EXCERPTED RECORDS:
-------
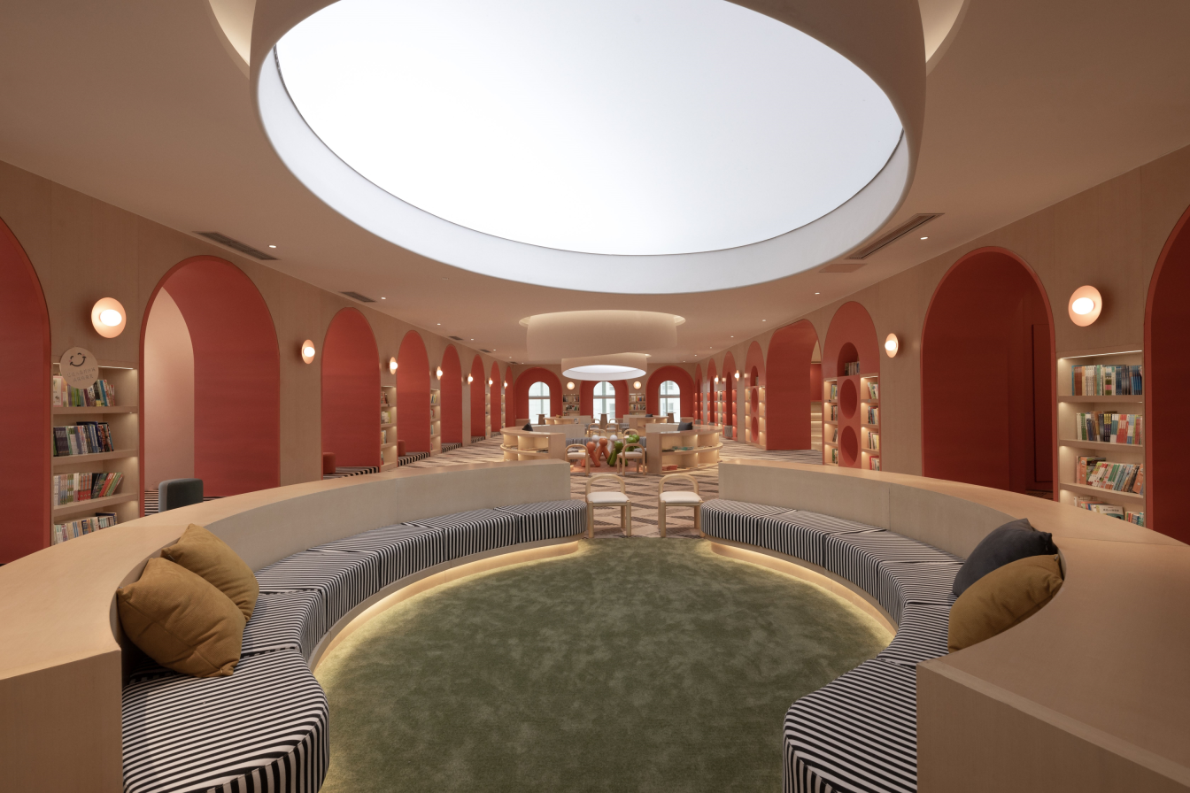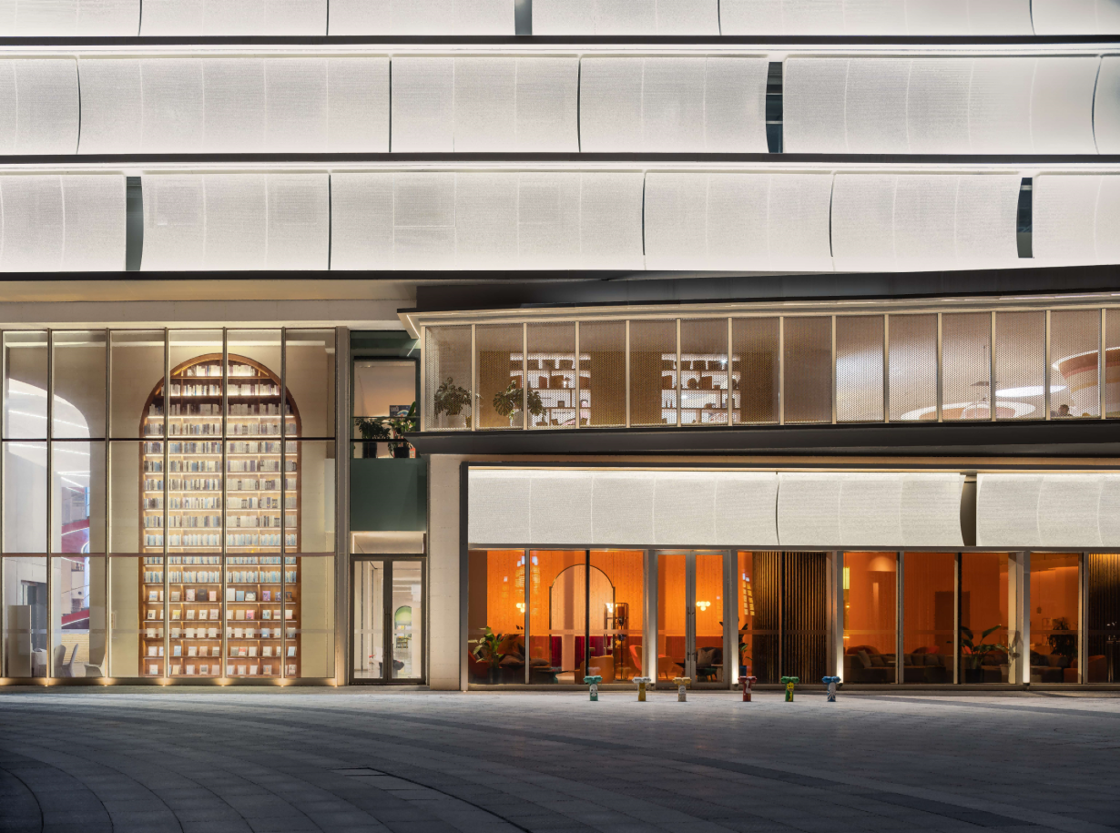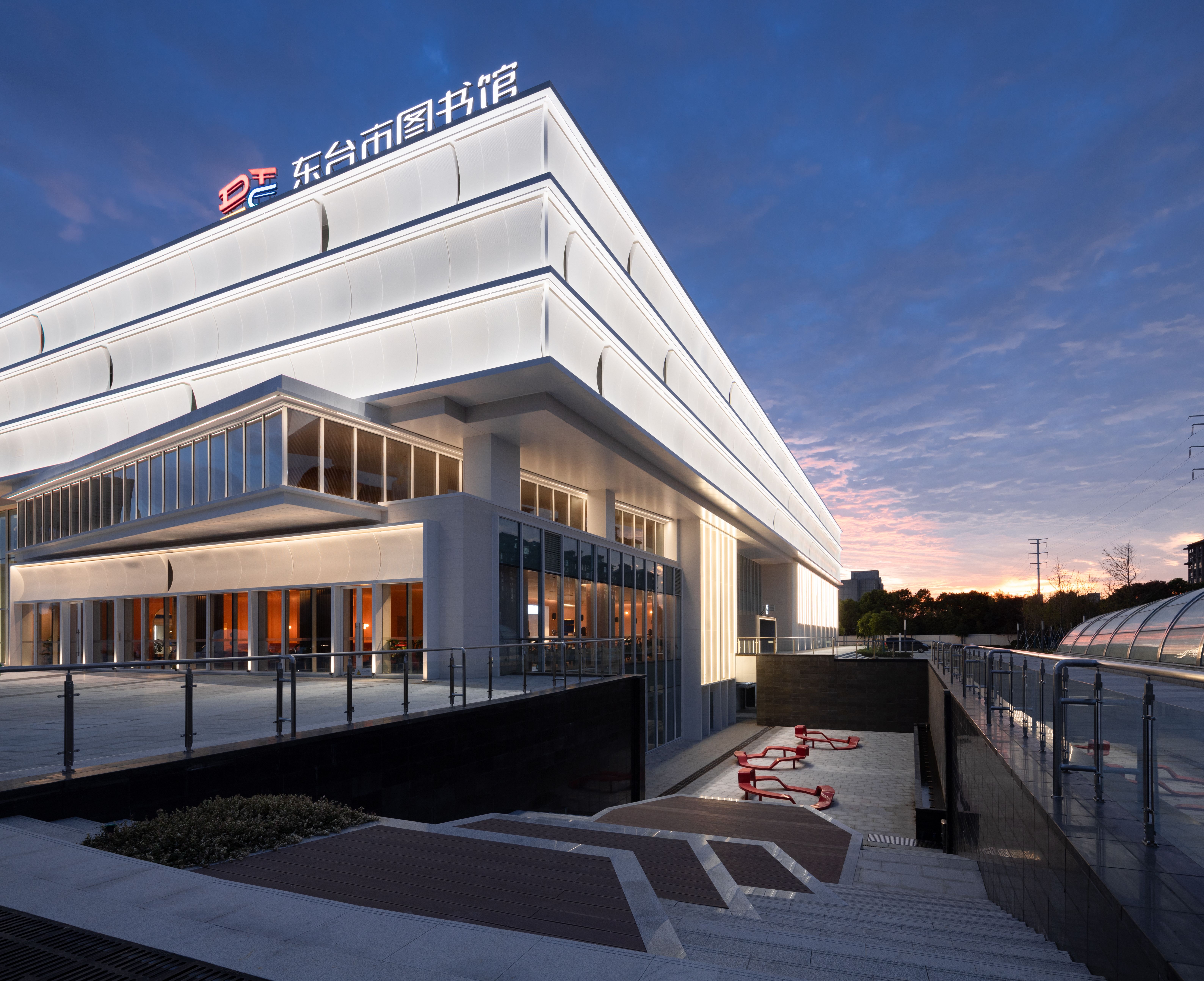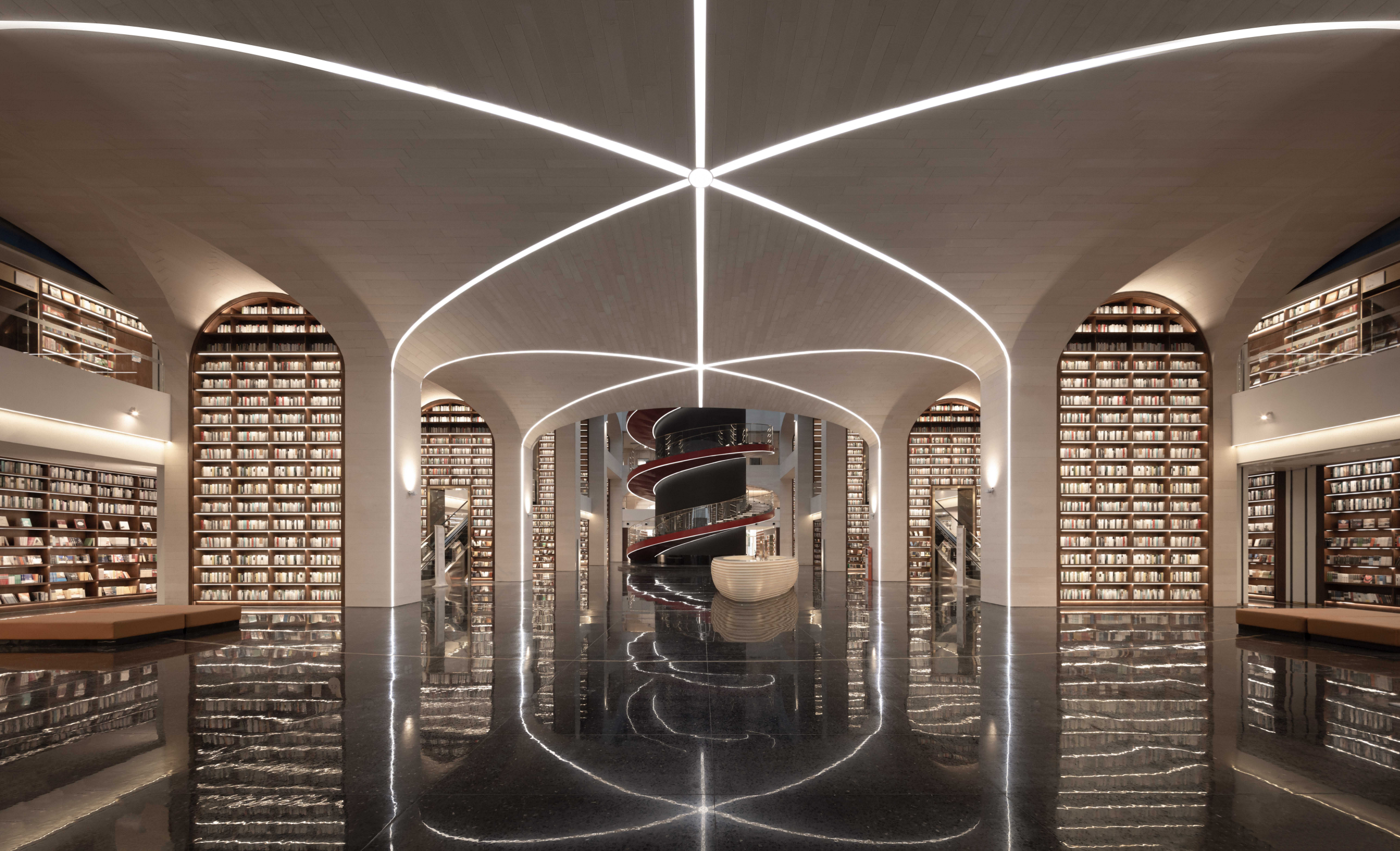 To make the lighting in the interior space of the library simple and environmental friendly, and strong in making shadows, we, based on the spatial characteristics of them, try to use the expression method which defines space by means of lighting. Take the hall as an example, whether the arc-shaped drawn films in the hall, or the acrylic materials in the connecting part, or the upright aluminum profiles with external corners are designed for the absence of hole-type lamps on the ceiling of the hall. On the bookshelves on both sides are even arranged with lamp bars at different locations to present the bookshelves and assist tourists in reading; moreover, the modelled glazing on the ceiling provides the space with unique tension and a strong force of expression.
-------
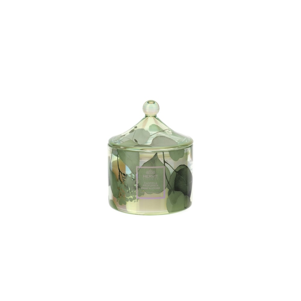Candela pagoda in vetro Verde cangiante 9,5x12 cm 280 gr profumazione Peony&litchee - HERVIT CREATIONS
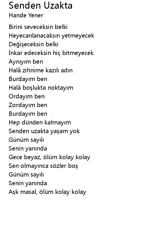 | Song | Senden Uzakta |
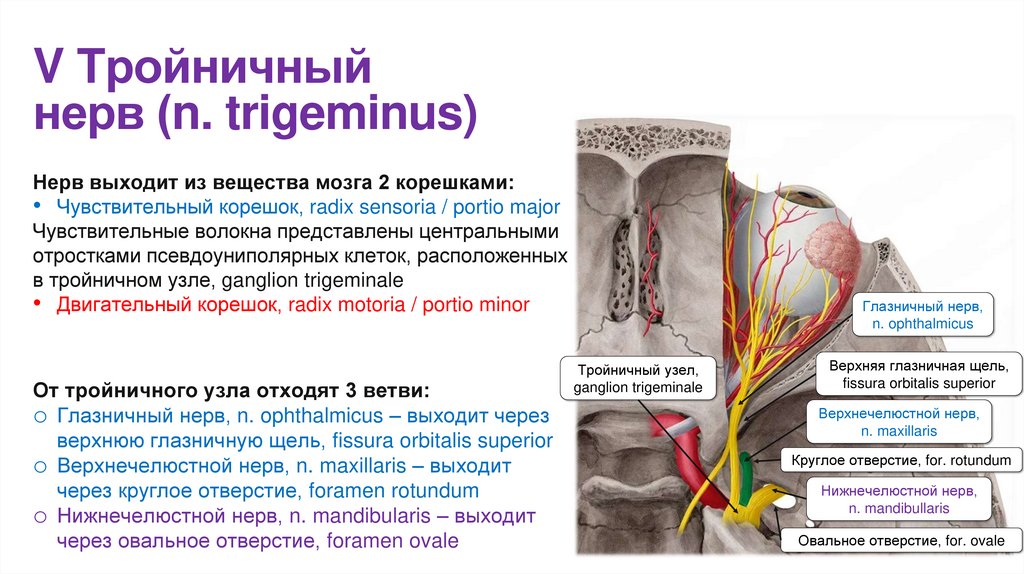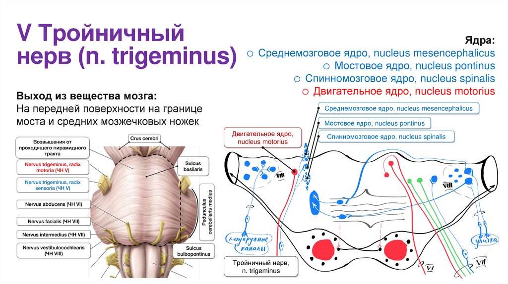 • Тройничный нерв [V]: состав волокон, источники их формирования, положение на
-------
Only the lines starting at the one with "Senden Uzakta |" and ending at the one with "формирования, положение на" should be printed, each exactly as it appears in the material above; the pictures are to be omitted.

EXERCISE SOLUTION:
 | Song | Senden Uzakta |
 • Тройничный нерв [V]: состав волокон, источники их формирования, положение на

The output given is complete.